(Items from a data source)
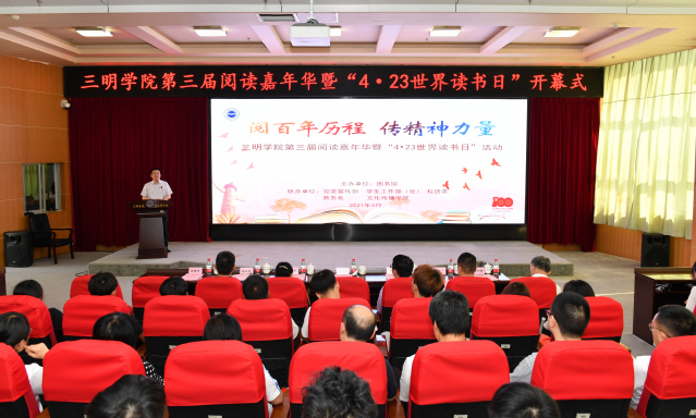 4月23日下午,三明学院第三届阅读嘉年华暨“4·23世界读书日”活动在图书馆四楼报告厅举办启动仪式,校党委副书记廖景榕,宣传部、学工部、校团委、教务处等部门负责人,二级学院师生代表及全体图书馆职工200余人参加开幕式。
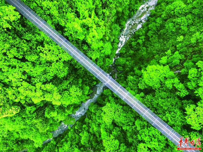 5月7日,石门县壶瓶山镇,海拔1291.8米的剩头山,孤峰壁立,仅有东侧峡谷上一吊桥为进出通道。吊桥为1988年架设,全长116米、宽2.5米,飞架在两山绝壁上,气势恢宏。
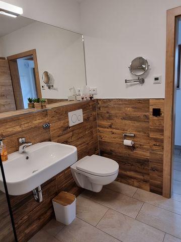 Unsere liebevoll eingerichtete Wohnung mit 2 Schlafzimmern, einem Badezimmer mit bodenebener Dusche und einem gemütlichen Ess- und Wohnzimmer ist modern und im bayrisch alpenländlichen Stil mit viel Altholz gestaltet. Die Küche ist voll ausgestattet inklusive Geschirrspülmaschine.
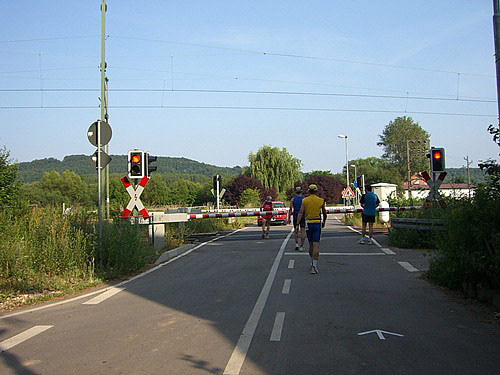 Nach 1:26 Stunden sind die ersten 15 km geschafft. Von hier aus kann man schon Grötzingen mit der ersten Etappen-Wechselstelle erkennen. Doch bevor wir in den Schatten der Häuser eintauchen dürfen, müssen wir nochmal links abbiegen und weitere Kilometer schinden. Der Weg geht wieder nach rechts und – alle Mann stopp! Die Bahnschranken sind unten und wir müssen ein paar Minuten stehen bleiben. So ein Mist. Aber der Veranstalter hat solche Dinge angekündigt und schon vor dem Lauf mitgeteilt, dass die Läufer auf der ganzen Strecke die Straßenverkehrsordnung zu beachten haben. Nachdem der Zug vorbei ist, laufen wir noch etwa zwei km durch die Felder und erreichen nach einer Stunde und 49 Minuten das Ende der ersten Etappe.
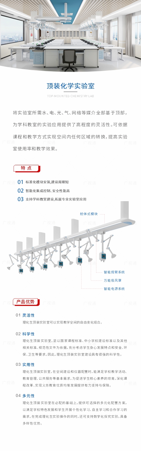 教育裝備數字化一站式解決方案,智能理化生實驗室、中考實驗操作考評系統、實驗仿真與教學系統、數字書法教學云系統、中學AI教考實驗室(升降式/便攜式智能終端)、頂裝/吊裝實驗室、探究實驗室、科學實驗室、人工智能科創實驗室、智慧書法教室、數字音樂教室、美術教室、數字地理教室、數字歷史教室、心理咨詢室、閱覽室、舞蹈室、陶藝室、烹飪教室、通用技術實驗室、勞動教育功能教室、科普探究等
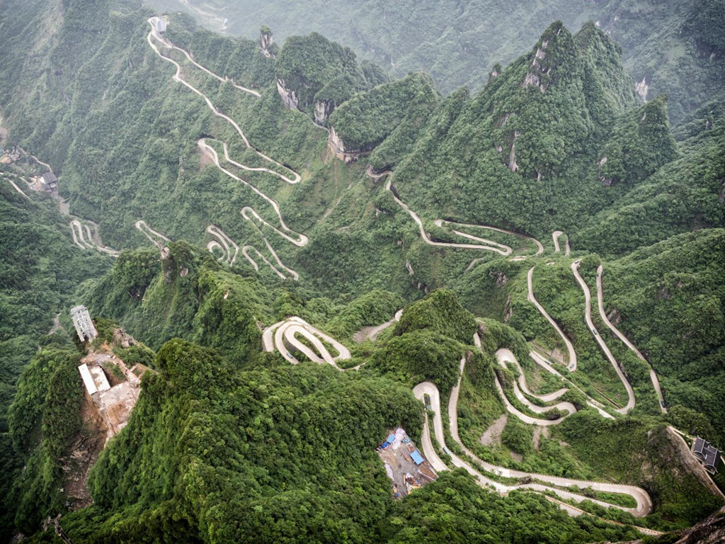 Thiên Môn Sơn (Trung Quốc) là một con đường dài 10 km, có tới 99 khúc cua với nhiều góc chết. Chênh lệch chiều cao giữa điểm đầu và điểm cuối Thiên Môn Sơn lên tới 1.100 m. Nơi cao nhất của con đường là 1.300 m so với mực nước biển. Đi hết con đường, vượt qua 999 bậc thang, du khách sẽ đặt chân đến “Cổng trời”. Ảnh: Klook.
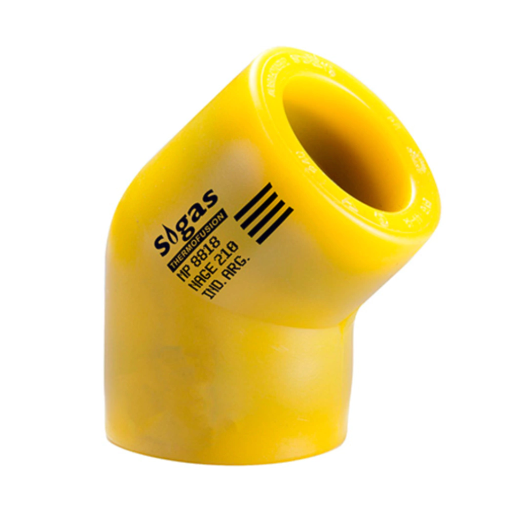 Características- Marca: DEMA.- Linea: SIGAS.- Diametro: 50mm.- Articulo: Codo Fusion Fusion a 45°.- Ambos extremos Fusion de 50 mm.- Termofusion Amarilla para GAS.- Fusion Primera Marca Aprobada por Bureau Veritas.- Especificacion Tecnica NAG E210, res. 3251/2005 ENARGAS.- Solo Compatible con Fusion Sigas.- No permite Aprobacion mezcla de marcas.- En caso de Aprobacion solo se aprueba embutido en pared.- Tuberias Expuestas a Intemperie deben recubrirse con Cinta de Aluminio.- Sigas ofrece Cinta de Aluminio Aprobada.- Evita el repintado y mantenimiento del revestimiento epoxi- Excepcionales ventajas en la instalación.- Tubos y Conexiones con estructura interna de Acero, maxima seguridad.- Tubos y Conexiones con protección Anticorrosiva del Polietileno.- La seguridad de la unión por Thermofusion.- Facilita las modificaciones y reparaciones.- Evita el repintado y mantenimiento del revestimiento epoxi.- Garantía escrita por 50 Años.
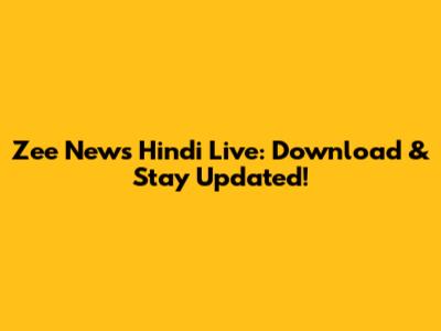 Zee News Hindi Live: Download & Stay Updated!
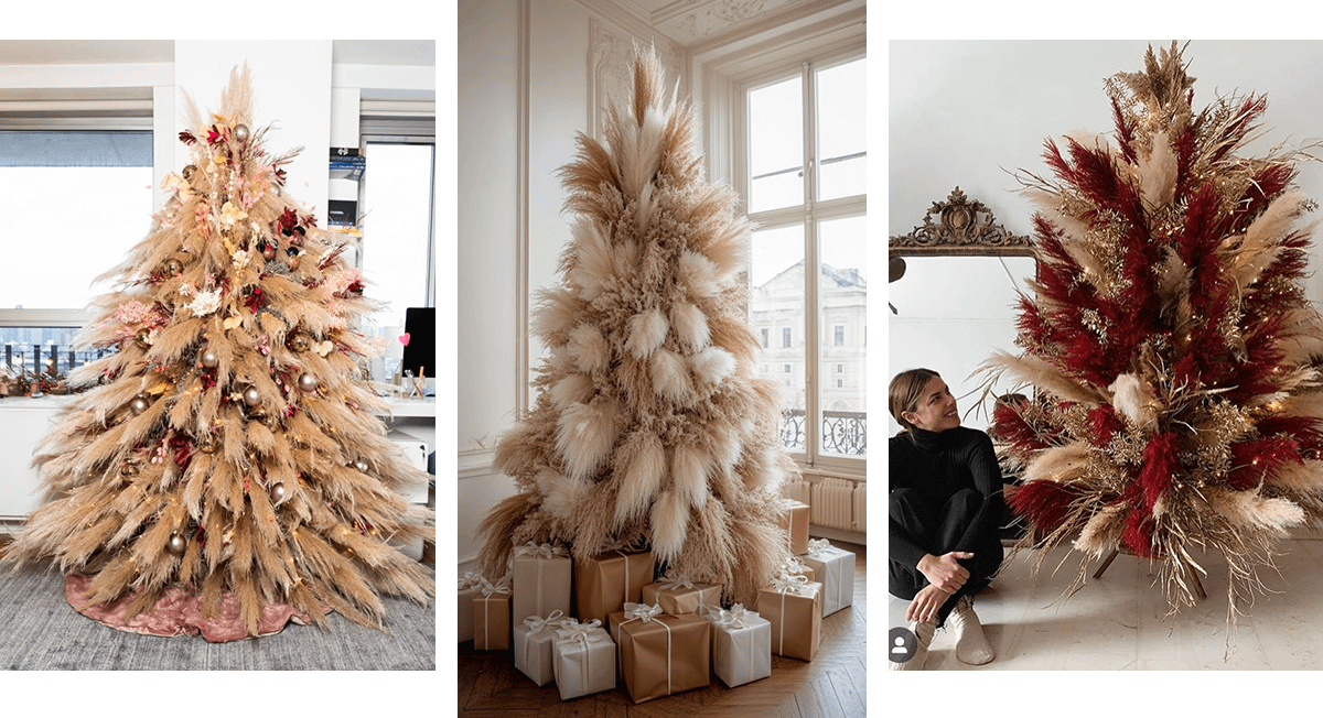 Воплотить эту идею в жизнь будет довольно непросто, но если ты творческая личность, то справишься за пару часов. Купи как можно больше сухоцветов и используй основание от старой пластиковой елки, которую больше не хочешь украшать. С помощью лески или прозрачного клея закрепи сухоцветы на дереве так, чтобы получилась пышная композиция. Дополнительно можешь украсить ее бусами или гирляндами с желтым светом.
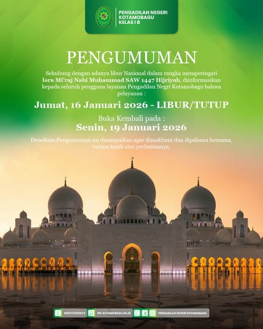 PENGUMUMAN Sehubungan dengan adanya libur Nasional dalam rangka memperingati Isra Mi'raj Nabi Muhammad SAW 1447 Hijriyah
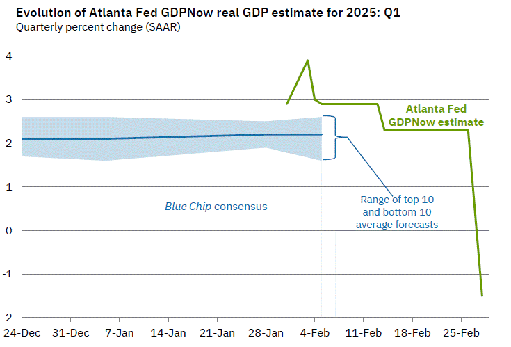 The steep decline, mainly due to tariffs, will likely normalize over the coming months. The import demand will be less than typical as inventories for specific products are now bloated for those frontrunning the tariffs. However, the trade deficit data will negatively impact GDP. The formula for GDP includes exports minus imports. The Atlanta Fed GDP Now estimate for first quarter GDP fell sharply from 2.3% on February 19 to -1.5% on Friday, after the trade deficit report.
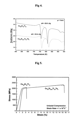 Amorphous metals can be created from various alloy systems, each offering unique properties. Common compositions include iron-based, zirconium-based, titanium-based, and aluminum-based alloys with specific combinations of elements that enhance glass-forming ability. These compositions often include metalloid elements like boron, silicon, or phosphorus that help stabilize the amorphous structure. The specific elemental ratios are critical in determining the material's thermal stability, mechanical properties, and resistance to crystallization.Expand Specific Solutions03 Mechanical and physical properties of amorphous metals
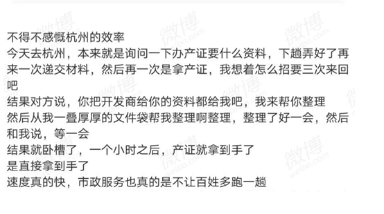 有微博大V曾分享过自己的经历——本来计划要三次来回跑才能拿到的产证,结果不到一个小时就到手了。
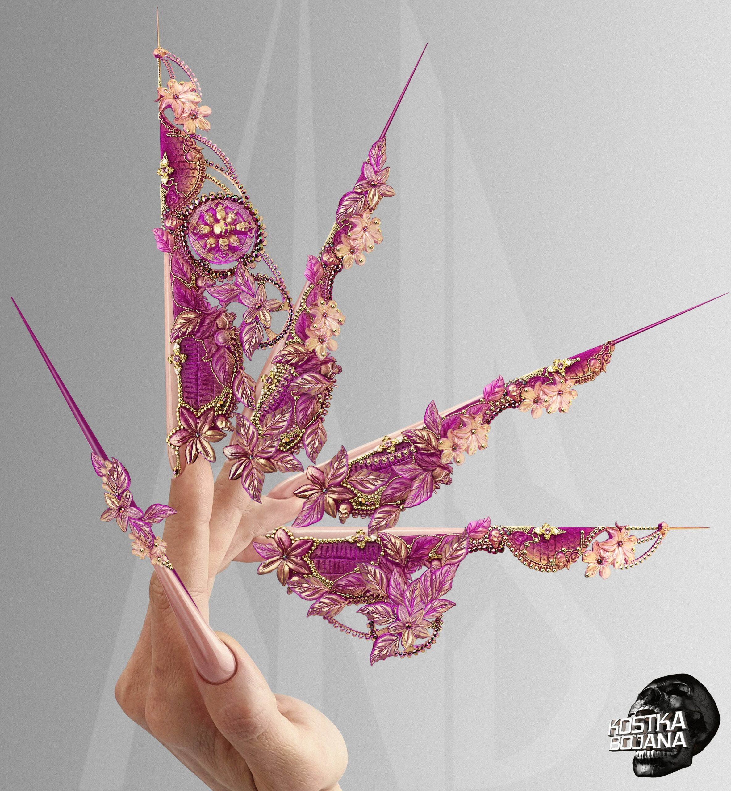 Na prvi pogled ekscentrična kombinacija baroka i gotike, sa isprepletanim motivima cvetića, čipke, barok bordure i snažnom notom futurističke gotike na koju asociraju zlatne lobanje, uklopljena na setu noktiju koji dosežu fascinantnih 30 santimetara dužine, odiše notom elegancije i luksuza, karakterističnom za Bojanine dizajne.
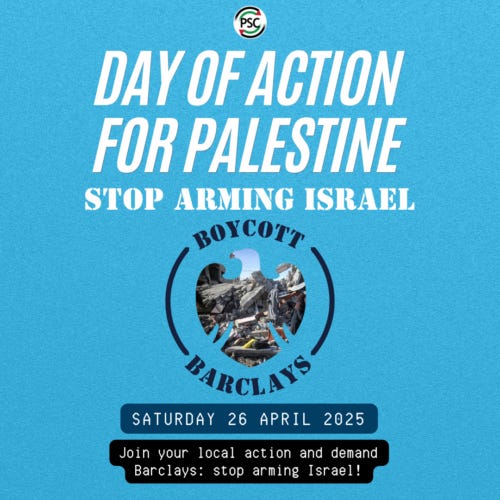 On April 26, Palestine Solidarity Campaign (PSC) is hosting a “Day of Action for Palestine” at various locations in the U.K. to boycott Barclays and demand they cut ties with Israel.
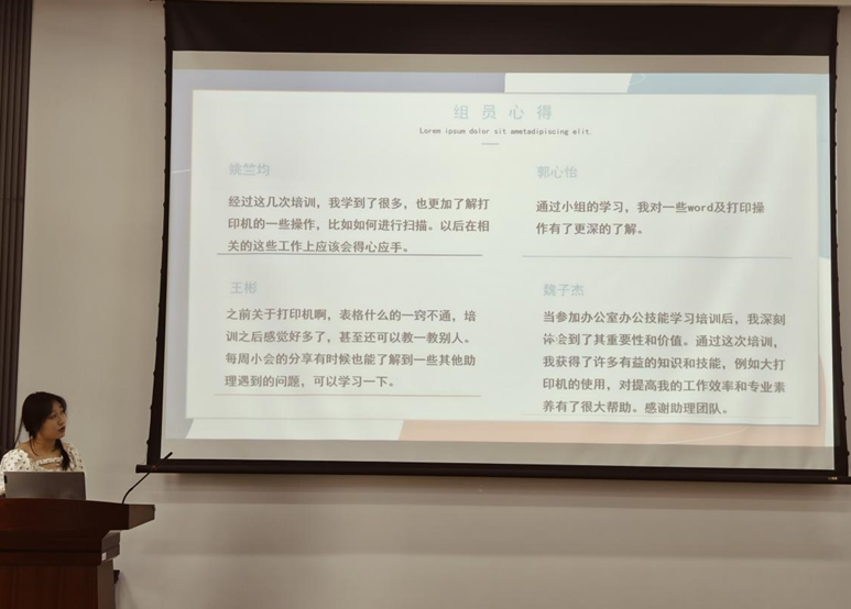 助理团队于5月12日在信息楼535会议室举办了技能培训展示比赛。此次比赛旨在为团队成员提供展示自身成长、分享小组学习成果的契机,以激发成员的工作积极性,促进团队向上发展。
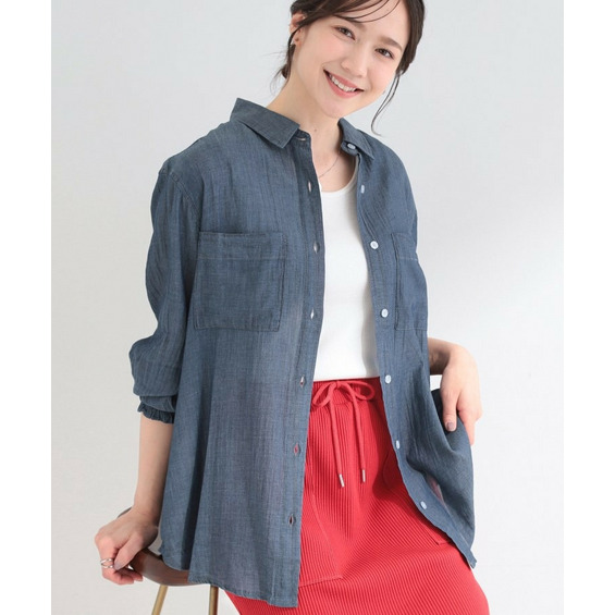 シアー感のある柔らかなデニムの素材で軽やかさが新鮮なデニムシャツ。
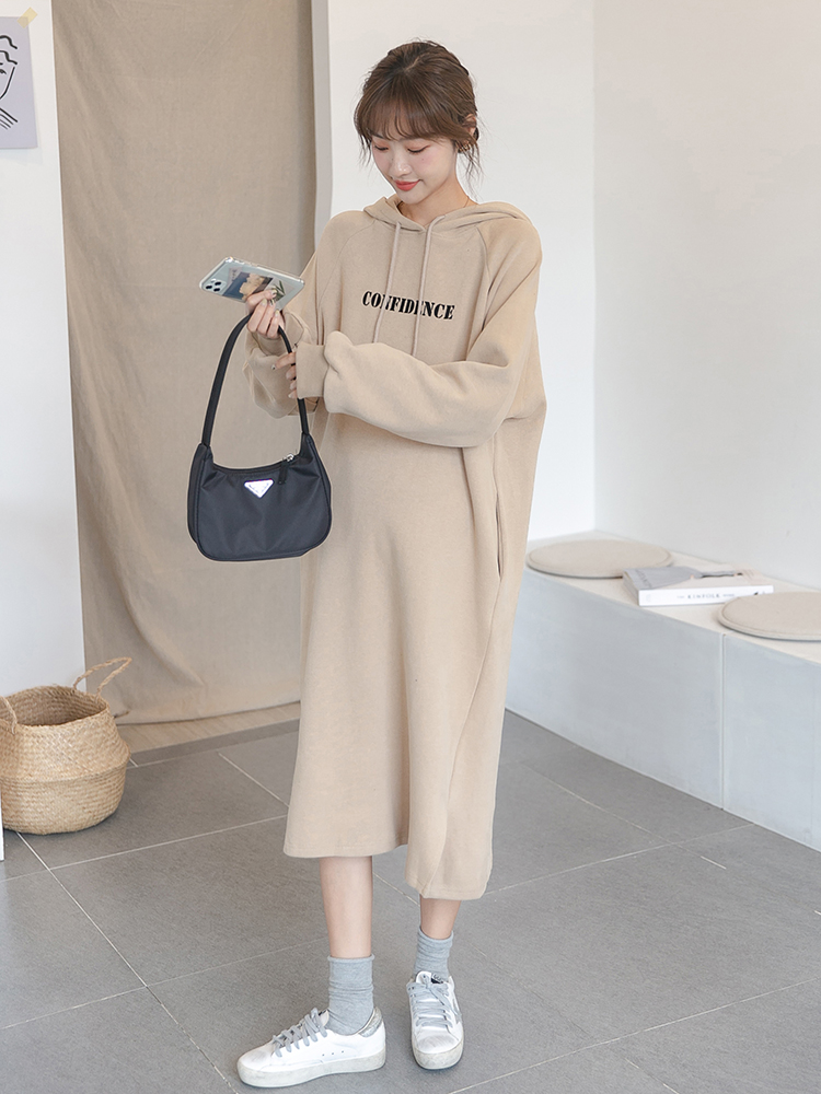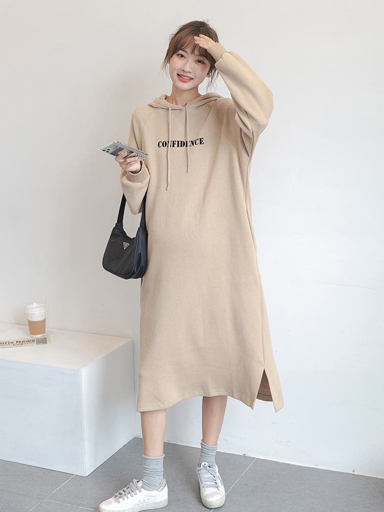 Pregnant Women's Clothing Spring Clothing Fashion style Han version Leisure loose Long version plus suede autumn Winter letters Lianhood Bottletide Moms
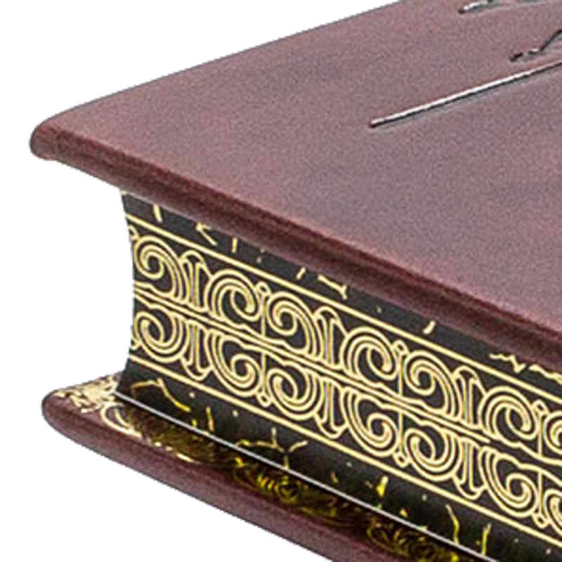 Французский переплёт ручной работы из натуральной кожи, тиснение золотом, цветными пигментами и блинтом, иллюстративные форзацы, золотая дублюра.
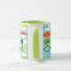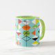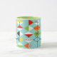 Cette rétro tasse de sonnerie de motif de harlequin est style moderne de la moitié du siècle à son plus fin. Les caractéristiques de conception inspirées vintages qu'un arrière - plan d'aqua avec des rangées des formes triangulaires formant un harlequin modèlent. Les formes deux-modifiées la tonalité de diamant sont jaunes, blanches, rouges, oranges, noires, vertes, et blanc avec des accents noirs. Mais l'attente, là est plus ! Il y a également des ovales oranges, des ovales verts avec les starbursts noirs, et des contours des diamants noirs. Le temps marche dessus, mais vous vous sentirez comme vous avez trouvé un souffle kitschy du passé avec ce trésor géométrique coloré.

## WORK INSTRUCTION
If a line comes after the line with "Thiên Môn Sơn (Trung", it stays out; print exactly every line from the start of the entries up to and including that line, but no pictures.

## REPLY
 4月23日下午,三明学院第三届阅读嘉年华暨“4·23世界读书日”活动在图书馆四楼报告厅举办启动仪式,校党委副书记廖景榕,宣传部、学工部、校团委、教务处等部门负责人,二级学院师生代表及全体图书馆职工200余人参加开幕式。
 5月7日,石门县壶瓶山镇,海拔1291.8米的剩头山,孤峰壁立,仅有东侧峡谷上一吊桥为进出通道。吊桥为1988年架设,全长116米、宽2.5米,飞架在两山绝壁上,气势恢宏。
 Unsere liebevoll eingerichtete Wohnung mit 2 Schlafzimmern, einem Badezimmer mit bodenebener Dusche und einem gemütlichen Ess- und Wohnzimmer ist modern und im bayrisch alpenländlichen Stil mit viel Altholz gestaltet. Die Küche ist voll ausgestattet inklusive Geschirrspülmaschine.
 Nach 1:26 Stunden sind die ersten 15 km geschafft. Von hier aus kann man schon Grötzingen mit der ersten Etappen-Wechselstelle erkennen. Doch bevor wir in den Schatten der Häuser eintauchen dürfen, müssen wir nochmal links abbiegen und weitere Kilometer schinden. Der Weg geht wieder nach rechts und – alle Mann stopp! Die Bahnschranken sind unten und wir müssen ein paar Minuten stehen bleiben. So ein Mist. Aber der Veranstalter hat solche Dinge angekündigt und schon vor dem Lauf mitgeteilt, dass die Läufer auf der ganzen Strecke die Straßenverkehrsordnung zu beachten haben. Nachdem der Zug vorbei ist, laufen wir noch etwa zwei km durch die Felder und erreichen nach einer Stunde und 49 Minuten das Ende der ersten Etappe.
 教育裝備數字化一站式解決方案,智能理化生實驗室、中考實驗操作考評系統、實驗仿真與教學系統、數字書法教學云系統、中學AI教考實驗室(升降式/便攜式智能終端)、頂裝/吊裝實驗室、探究實驗室、科學實驗室、人工智能科創實驗室、智慧書法教室、數字音樂教室、美術教室、數字地理教室、數字歷史教室、心理咨詢室、閱覽室、舞蹈室、陶藝室、烹飪教室、通用技術實驗室、勞動教育功能教室、科普探究等
 Thiên Môn Sơn (Trung Quốc) là một con đường dài 10 km, có tới 99 khúc cua với nhiều góc chết. Chênh lệch chiều cao giữa điểm đầu và điểm cuối Thiên Môn Sơn lên tới 1.100 m. Nơi cao nhất của con đường là 1.300 m so với mực nước biển. Đi hết con đường, vượt qua 999 bậc thang, du khách sẽ đặt chân đến “Cổng trời”. Ảnh: Klook.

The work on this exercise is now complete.